Cote: you think directing users to kellymom is being a kellymom groupie. But it would not have been appropriate to dissect your post and show in detail why your advice was misleading - it would have derailed the thread and not helped the OP. It's fair enough , I think, to highlight a concern and then link to another website for more info. Kellymom - more than just one lactation consultant, BTW, and referenced so it is more than mere opinion - is adequate for a fairly basic correction to misinformation like that, for people who want to read a bit more away from the thread. I tried to be polite; you came back all offended and (a bit) rude, so you'll understand my own change of tone now, I am sure
Now - why does 'separating and squeezing' (your method of checking the baby is getting hindmilk) not give us any useful information about a baby's intake? Why on earth would anyone want to do this? Why would doing this tell you anything at all about the baby's well-being or nutrition?
Where to begin?
Ok. Babies do not need to 'drill down' into hindmilk.

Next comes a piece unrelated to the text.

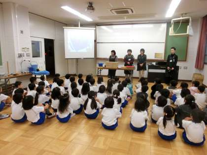 多目的室で,花育について紙芝居などを見た後,

A breast may have hindmilk ('hindmilk' = proportionately fattier milk) readily available to the baby, if the breast is not very full. This is because the fat content of breastmilk varies in proportion to the degree of emptiness of the breast.
Even if it is very full, an enthusiastically sucking baby and a mother with a quick letdown will enable fattier milk to reach the baby quickly.
You are suggesting (I think) that in the middle of a feed, the mother removes this enthusiastically sucking baby from the breast in order to squeeze the nipple herself and then judge from the colour and texture of the milk whether the baby is getting hindmilk? Even if you were certain that observation alone would tell you.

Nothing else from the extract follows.